I hate it when students who have hit on a novel and interesting way of looking at an issue tell me they have to change their topic because they can’t find sources that say exactly what they plan to say. I try to persuade them otherwise, but they believe that original ideas are not allowed in “research.” How messed up is that? The other and, sadly, more frequent reference desk winch-making moment involves a student needing help finding sources for a paper he’s already written. Most commonly, students pull together a bunch of sources, many of which they barely understand on a topic they know little about, and do their best to mash the contents up into the required number of pages. No wonder the Citation Project leaders learned students “have nothing to say.” I probably wouldn’t, either.
Yet they have plenty to say when they are not writing “research” papers. Another presentation at the conference by Paul Rogers and Andrea Lunsford looked at extracurricular writing that students do and how differently they approach it. (There's lots more at the Stanford Study of Writing website.) Students writing for a real purpose (other than to prove they can adhere to a set of rules) are able to engage with ideas, understand their audience, use sources ethically and convincingly, and understand and care about the subject they are writing about.
This totally matches up with the recently-released study from Project Information Literacy on “everyday research.” In that study, drawing on survey results from over 8,000 students at institutions across the country, students reported on their experience with finding and using sources for both academic and personal purposes. In interviews and focus groups, the researchers, Alison Head and Michael Eisenberg, probed what the survey results suggested and found that the hardest part of academic research – finding a topic and narrowing it down – is not an issue for everyday life research. Findings sources is also not much of a challenge, and I was cheered to learn that students use library databases and books as well as web and personal connections in their personal research. Where they have trouble is evaluating the results – the part of the process that gets the shortest shrift when we try to help students learn the ropes. An hour in the library goes by fast, particularly when students are looking up scholarly sources they can’t understand using search terms they have only just encountered for the first time and probably can't define.
All of this convinces me of something I’ve thought for years. We should abandon the traditional research paper.
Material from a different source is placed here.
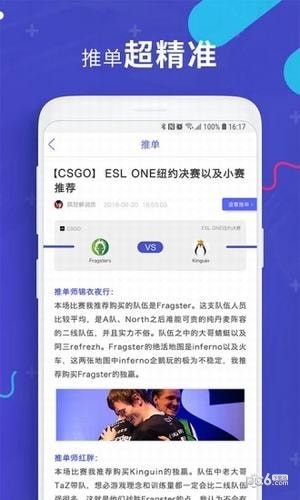 app是一款电竞赛事分析预测APP,app专为广大电竞游戏爱好者提供新闻资讯、玩家社区、比赛赛程、赛事数据、战绩查询、实时比分、专家预测、赛事分析等数据参考服务,app一站式满足玩家在手机上关于电竞的所有需求。
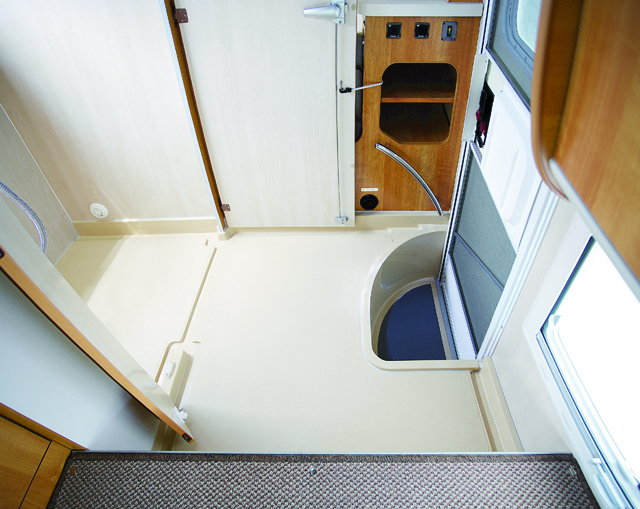 また、このエアコンの下スペースは一段高い設定になっていて、キャブとシェルの高さ段差をかなりの床面積で吸収している。その横側面下部にはウインドウが付き、ワンちゃんが外を眺めていられるという嬉しい特典付き。さらにそのスペースは、ちょうどワンちゃんが移動中に中央から前を見るのにいい位置になっているのも見逃せない。

If you want students to learn about a topic and be able to synthesize information effectively, fine – but don’t call it research. Turn it into a presentation, an informational brochure, or a Wikipedia article. If you want students to make an argument, start from something they know and care about, something that matters to them and about which they can hold an informed opinion. If you want them to read and understand scholarly material, focus on close reading and have the class jointly prepare an annotated edition. If you want them to write academic prose, wait until they know enough about the discipline to know what they’re talking about and how to ask a meaningful question about it.
But if you want first year college students to understand what sources are for and why they matter, if you want them to develop curiosity and respect for evidence, your best bet is to start by tossing that generic research paper. As for those who will complain that students should have learned how to paraphrase and cite sources in their first semester – we’ve tried to do that for decades, and it hasn’t worked yet. Isn’t it time to try something else?